Drawing on years of experience deploying technologies for some of the world’s leading finance companies, Creative ITC MD Keith Ali advises how a new approach to disaster recovery (DR) is required to protect banking and financial services organisations against the additional challenges of hybrid working.

Traditional DR plans exposed

An effective DR strategy forms the backbone of successful banking operations and always-on customer experience. Yet, the reality is that IT leaders are battling a rising tide of security threats, outdated systems, lack of investment, increasing infrastructure complexity and growing reliance on public cloud offerings.

Hybrid working models are exacerbating the challenge to manage ever-changing IT infrastructures and an evolving threat landscape. Over half of security leaders (52%) feel hard pressed to protect employees’ mobile devices from surging cybercrime. Others reported security back doors left open in seemingly innocent legacy network connections and end-user devices.

The pandemic has exposed cracks in many DR plans. Disturbingly, 71% of CIOs lack confidence in their ability to successfully recover from a DR incident. Lack of regular testing and increasing IT complexity are largely to blame. Almost half (46%) of finance companies haven’t tested their DR solutions for six months or more, while 87% are struggling to orchestrate alerts from multi-vendor security products.

There’s mounting concern that a service outage could seriously disrupt the country’s increasingly cloud-dependant banking system, leading to the UK’s Prudential Regulation Authority increasing its scrutiny of major public cloud providers AWS, Microsoft Azure and Google Cloud.

Traditional replication solutions weren’t designed to deal with current IT complexity, or to adapt to the scalability, mobility and flexibility demands of apps running on virtualised cloud infrastructures. With long term hybrid working, the demand for data availability and protection is greater than ever. In short, DR plans must evolve.

Why DRaaS is such a hot topic

Escaping the burden of managing business continuity across an ever-growing cloud infrastructure, finance organisations are increasingly moving to Disaster Recovery as a Service (DRaaS). Outsourcing DR to a specialist provider offers a headache-free, fully managed service tailored to organisational needs. A DRaaS provider typically does all the heavy lifting such as planning, design, implementation and optimisation. Premium protection and recovery speed can be applied only to the critical infrastructure and data services that actually need it, with a slower recovery SLA for elements where business impact would be less.

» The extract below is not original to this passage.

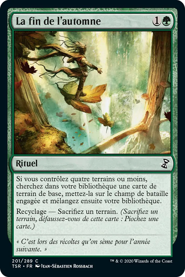 Si vous contrôlez quatre terrains ou moins, cherchez dans votre bibliothèque une carte de terrain de base, mettez-la sur le champ de bataille engagée et mélangez ensuite votre bibliothèque.

One of the most common reasons finance firms struggle to implement and test resilient DR plans is the cost and resources involved. Without significant Capex investment or the expense of keeping a secondary DR site running, DRaaS replaces in a stroke the cost of hardware, software and people with predictable monthly expense and burst capacity. DR is the outsourced provider’s sole focus, rather than an unwelcome add-on to already stretched internal IT teams. The provider has the time, skills and resources to dedicate to DR full-time.

Golden rules for DR

The classic (and still the best) way of measuring performance is to focus on reducing the impact of downtime by optimising two key metrics:

• Recovery Point Objective The last point in time IT systems and applications can be recovered to, RPO indicates the amount of data that will be lost. The cost of one hour of lost data can easily hit six figures so it’s worth reconsidering whether nightly backups (with an RPO of 24 hours) are still sufficient.
• Recovery Time Objective RTO measures the time it takes to recover apps and data and for business operations to return to normal. Downtime can result in significant loss in revenue and productivity.

Always aim for the lowest RPO possible and ensure your solution includes alerts to warn if you’re in danger of exceeding your defined SLA and enables the prioritisation of individual applications.

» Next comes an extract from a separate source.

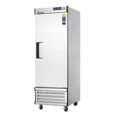 Reach-In Refrigerator, one-section, 20 cu. ft. capacity, (3) shelves, bottom mounted refrigeration system, digital control system, adjustable self-closing & field reversible door, door lock, pressure relief port, stainless steel interior & exterior, (4) 4" diameter (5" overall height) swivel casters (front with brakes), shielded incandescent interior lighting, 115v/60/1-ph, NEMA 5-15P, 1/4+ HP, 4.10 amps, ETL-Sanitation, ETL Safety

To benchmark RTO and tweak your DR plan to minimise downtime, regular testing is essential. That’s where a DRaaS provider adds particular value. As it’s imperative to get users back online quickly and maintain uninterrupted customer service, some DRaaS providers will offer a temporary VDI solution. By deploying a best-of-breed DR technology enabling no downtime in production nor break in the replication, they can also perform tests during working hours with no impact on business operations. The provider will repeat this multiple times to optimise your RTO so, you’ll know you’ll always be able to fully recover, as quickly as possible.

Choosing the right partner

McKinsey reports that operational resilience has become a key strategic issue across the banking and finance sector. It’s never been more important for business leaders to ensure that their organisations are robust and flexible enough to deal with a multitude of operational threats. The nature of disaster planning is changing. As cloud and virtualisation take hold, so too does the risk of downtime due to software problems, cybersecurity vulnerabilities and increasing infrastructure complexity. Add to that natural disasters, power outages, hardware failures and human error and it becomes clear finance organisations need more robust DR resources in place – and be absolutely certain they will work.

A DRaaS solution based on hypervisor-based replication and CDP provides a far higher, comprehensive level of protection and readiness than the traditional DR approaches still in place in many organisations. A scalable, fully managed DRaaS solution from a specialist provider offers banks and finance businesses the added benefit of time and cost savings, improved DR performance and peace of mind, bringing certainty of business continuity in an uncertain world.